In 2024, the nodes in West Texas had persistently higher annual average spreads and maintained a relatively consistent range in monthly spreads.

This suggests that nodes in West Texas sustained high spreads throughout the year, due to inherent congestion issues and transmission limitations.

Nodes in the North and Houston Load Zones showed less spread variability, but also lower average spreads overall. These nodes are tightly clustered at lower annual spreads, with lower monthly spread ranges. Prices in these regions are much less frequently impacted by local congestion issues. As a result, they often more closely resemble prices across the rest of the system.

Nodes in the South Load Zone are extremely scattered. Localized congestion issues in the Rio Grande Valley mean that some nodes had instances of extremely high prices and spreads. In other months, these nodes had spreads that were among the lowest across the entire system. This contributed to higher variability between the highest and lowest monthly average spreads, and to lower overall average spreads.

Higher average prices result in higher Energy arbitrage spreads

In the South and West Load Zones, nodes vary significantly within each region in terms of their Energy arbitrage opportunities.

These regions both cover large land areas with high amounts of wind and solar generation. In parts of each zone, demand is also minimal. These factors ultimately result in many more congestion issues in South and West Texas than in the North or Houston Load Zones.

Many of the high spread-high price nodes in the West Load Zone are in Far West Texas.

Consistent and growing industrial demand from the Permian Basin’s oil and gas sector creates a need for around-the-clock power in the region, and contributes to the strain on the area’s transmission system. When local solar generation is unable to contribute to meeting this demand, prices in the area often rise relative to the rest of the system.

Additionally, prices in West Texas tend to be among the lowest in the middle of the day when solar generation is at its peak. This further increases the size of the spread for many of these nodes.

Some nodes in South Texas see suppressed prices due to wind and solar over-generation causing curtailment, leading to low daily minimum prices. Wind-heavy nodes tend to experience lower minimum prices, creating a wider spread.

Nodes in North and Houston zone mostly fall in the low spread-low average price spectrum. These regions are less impacted by congestion. Generation is often sited closer to demand, while the transmission network in each region is generally more robust.

How might power prices evolve in the future?

Demand in ERCOT is poised to grow substantially in the coming years. In fact, ERCOT’s recently released Capacity, Demand, and Reserves Report indicates that a conservative estimation of peak demand growth by 2030 would be around 15-20%.

Power in ERCOT is generally inexpensive relative to other wholesale markets in the United States. As a result, industrial customers like data centers continue to be interested in the region.
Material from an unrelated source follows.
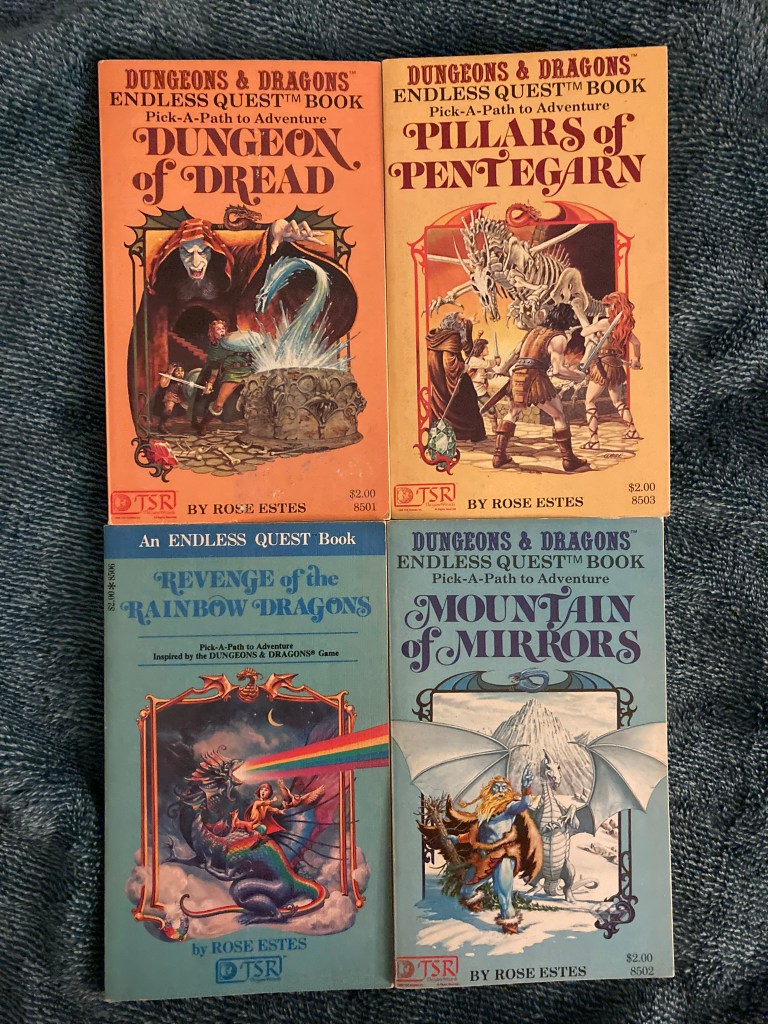 If you don’t know the format: the books present the reader with choices at key moments, directing you to different pages depending on your choice. Thus you “pick” a “path” through the book, with different endings possible, some good, some horrific. I still have four of my original Endless Quest books, and I focus on Pillars of Pentegarn because it is the one burned into my brain: it is practically a horror story!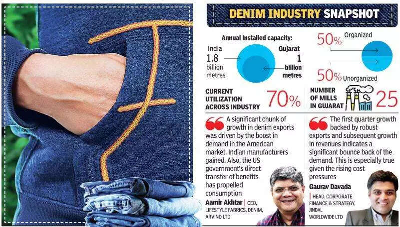 "Demand from the international market, including countries like the US and those in Europe has improved significantly, and orders have begun pouring in. Export orders, in fact, were a saving grace for denim makers as they helped compensate for the slump in domestic demand from April to June 2021 – a time when the second wave of Covid-19 was at its peak and a slew of restrictions were imposed to curb the spread," said Gaurav Davada, head – corporate finance and strategy, Jindal Worldwide Limited.

Meanwhile, the presence of enormous amounts of shale in Far West Texas mean that as transmission development continues in the area, demand for power will continue to grow in the area alongside oil and gas industry operations.

Ultimately, this means that volatility is poised to return to ERCOT at some point in the coming years.

There will always be a push-pull dynamic that occurs. The continued deployment of solar generation and battery energy storage means that supply may outpace demand growth in the near future. However, in more extreme weather years like 2022 and 2023 where demand also grows rapidly, volatility - and therefore higher Energy price spreads - will return.